Health

50 Years Ago, The Sugar Industry Funded Research To Blame Fat For Heart Disease

In the 1960s, a sugar industry group called the Sugar Research Foundation funded research that highlighted the dangers of fat and minimized the role of sugar in developing heart disease.

By Paula Gallagher2 min read
50 Years Ago, The Sugar Industry Funded Research To Blame Fat For Heart Disease

This behind-the-scenes manipulation was exposed in a 2016 article in JAMA Internal Medicine, written by Stanton Glantz, Cristin Kearns, and Laura Schmidt. The authors examined internal industry documents, as well as the process of the sponsored research conducted by Harvard scientists and published in the eminent New England Journal of Medicine in 1967, and came to the conclusion that the sugar industry abused the scientific process to inappropriately place the blame for heart disease on fat. 

Issues with the Research

The scheming goes back to a 1954 speech by the president of the Sugar Research Foundation (SRF) who described a “great business opportunity” in persuading Americans to eat a low-fat diet.
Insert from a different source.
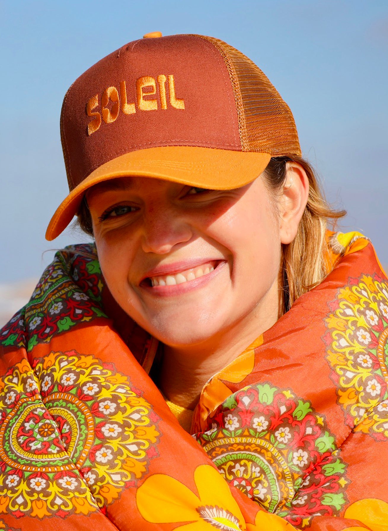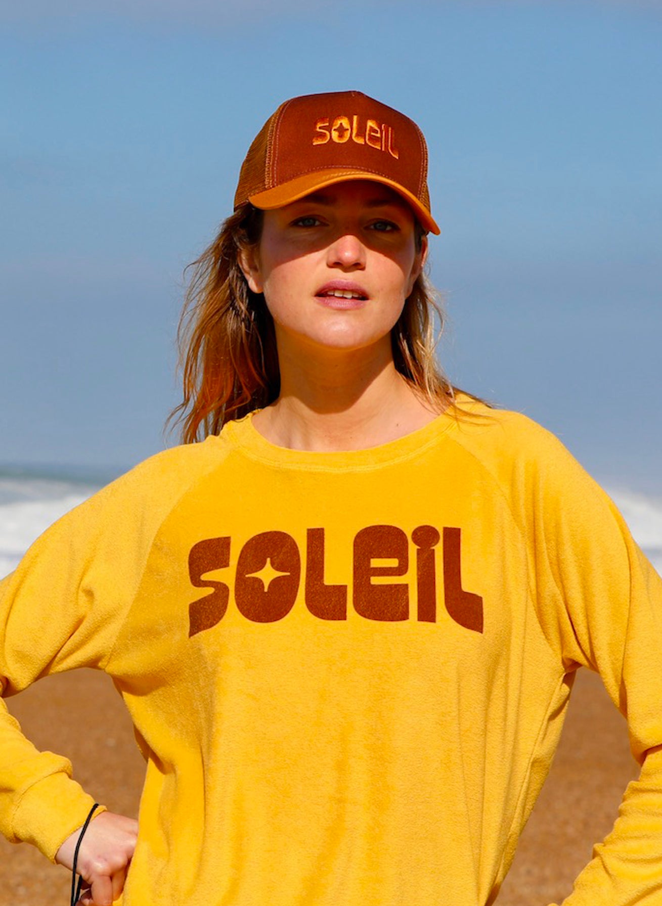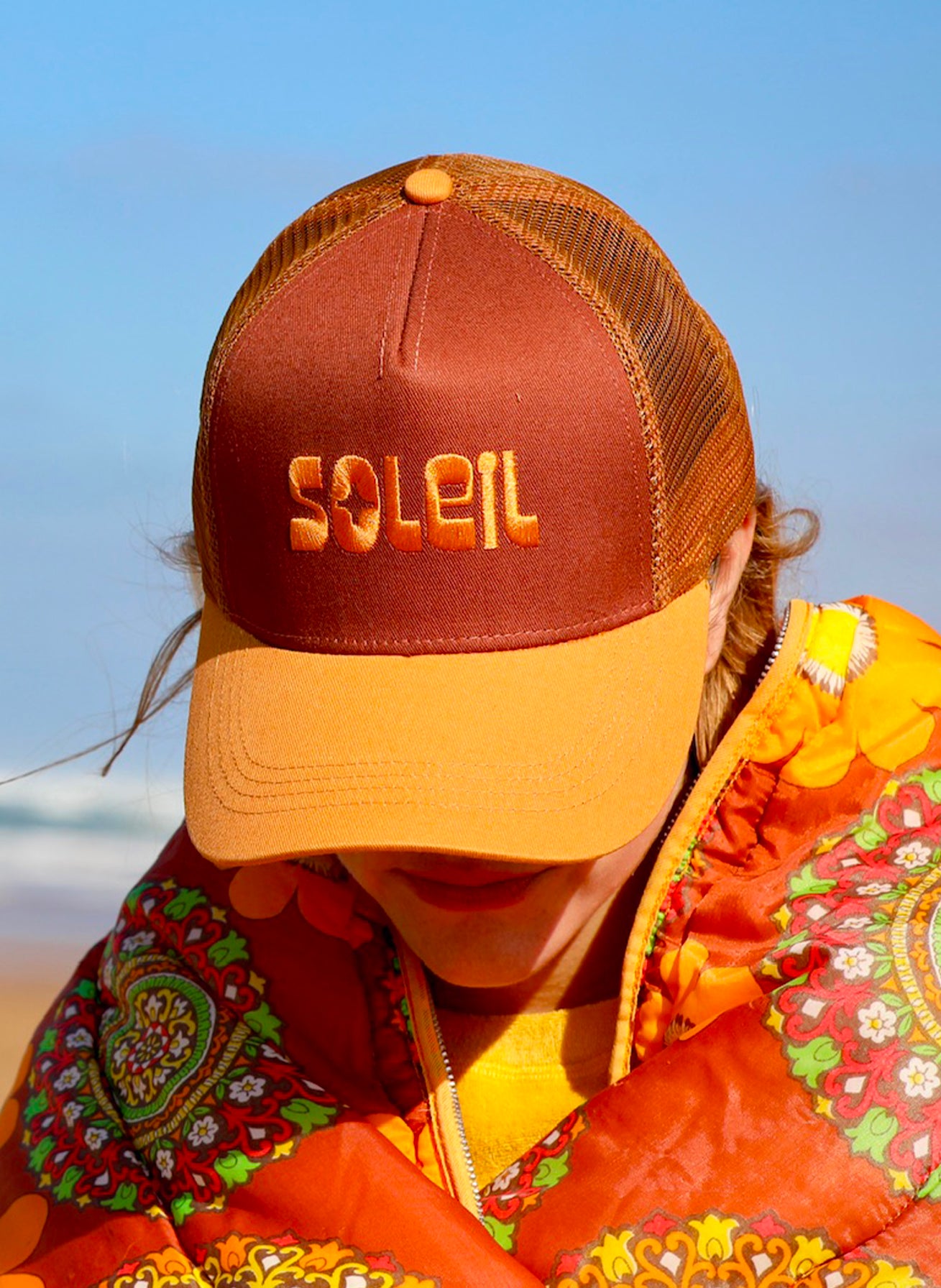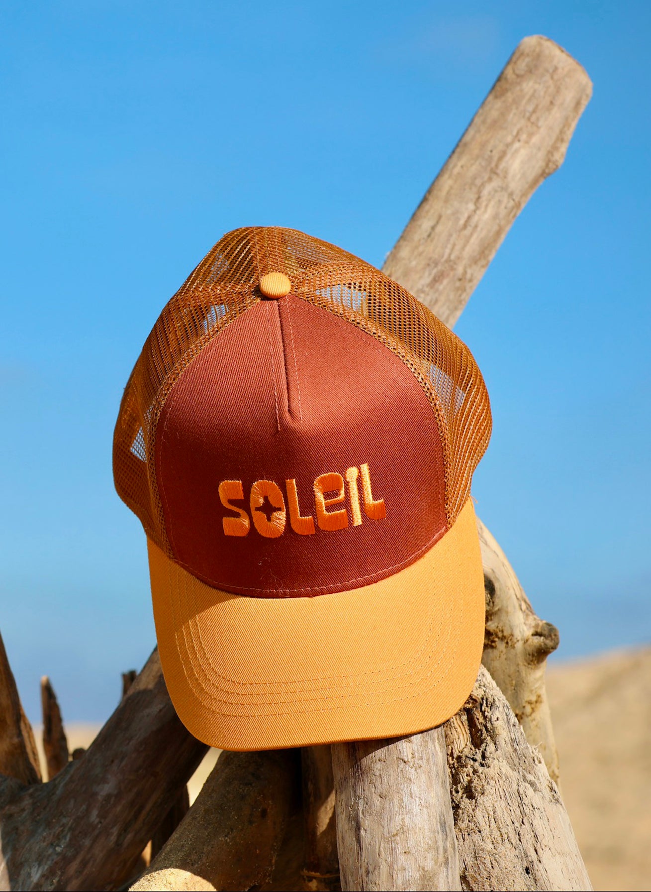 Elle est en 100% coton et le filet arrière en nylon. Broderie "SOLEIL" placée sur le devant.

Consequently, the fat would be replaced by sugar. 

But in the 1960s, several scientific studies began showing a connection between sugar and heart disease. It was a problem that “sugar is a less desirable dietary source of calories than other carbohydrates," as John Hickson, then-SRF vice president and director of research, wrote. So he recommended that the SRF fund their own research, so they could “publish the data and refute our detractors."

SRF funded their own research so they could “publish the data and refute our detractors."

The SRF funded a literature review — to the tune of about $50,000 in today’s money — for the research. And while there’s no evidence that SRF directly edited the final paper, their sponsored review concluded “there were major problems with all the studies that implicated sugar” and that “cutting fat out of American diets was the best way to address coronary heart disease.” In addition to this convenient conclusion, the monetary role of the SRF was not disclosed in the publication.

Furthermore, as the authors of the 2016 paper explain, the 1960s research was done in a very unscientific way. For starters, many of the articles reviewed were picked by the SRF. Other issues include how the review undermined published research that suggested sugar impacted heart disease, as well as claimed some of those studies were flawed or run incompetently. 

The 1960s researchers also used different standards for different studies. Epidemiological studies of sugar eating habits were passed over as having too many factors to be accurate, yet they accepted epidemiological studies of fat consumption. They dismissed one study that showed the benefits of reducing sugar and increasing vegetables as “not feasible” for real people. Another rejected study was of rats given a low-fat and high-sugar diet because “such diets are rarely consumed by man." 

Even though they ultimately had “few study characteristics and no quantitative results," as Kearns, Glantz and Schmidt describe it, the 1960s review concluded that cutting out fat was best for preventing heart disease.

The Issue with Special Interest Funded Research

The sugar industry funds research on the impact of sugar on health issues. It’s not all that surprising, so what’s the big deal? Well, according to Glantz, Kearns, and Schmidt, special interest funded research can actually be an “[attempt] to influence scientific inquiry and debate.”

"It was a very smart thing the sugar industry did, because review papers, especially if you get them published in a very prominent journal, tend to shape the overall scientific discussion," said Glantz.

Special interest funded research can actually be an attempt to influence scientific inquiry for money.

And if the general public is looking to science for guidance on healthy eating, then there’s potential for manipulated information being taken as truth — information that really just means more money in corporate pockets. And this kind of manipulated information is still happening. 

Marion Nestle, also in JAMA Internal Medicine, writes: "Is it really true that food companies deliberately set out to manipulate research in their favor? Yes, it is, and the practice continues. In 2015, the New York Times obtained emails revealing Coca-Cola's cozy relationships with sponsored researchers who were conducting studies aimed at minimizing the effects of sugary drinks on obesity. Even more recently, the Associated Press obtained emails showing how a candy trade association funded and influenced studies to show that children who eat sweets have healthier body weights than those who do not."

Closing Thoughts

So what can we do? Glantz, Kearns, and Schmidt suggest that "Policymaking committees should consider giving less weight to food industry-funded studies.” 

But the general public should also be aware that “science” can be used by special interest lobbies to publish “credible” information that shapes not only what we put in our bodies but where we spend our money — potentially without regard for what’s actually good for  American citizens.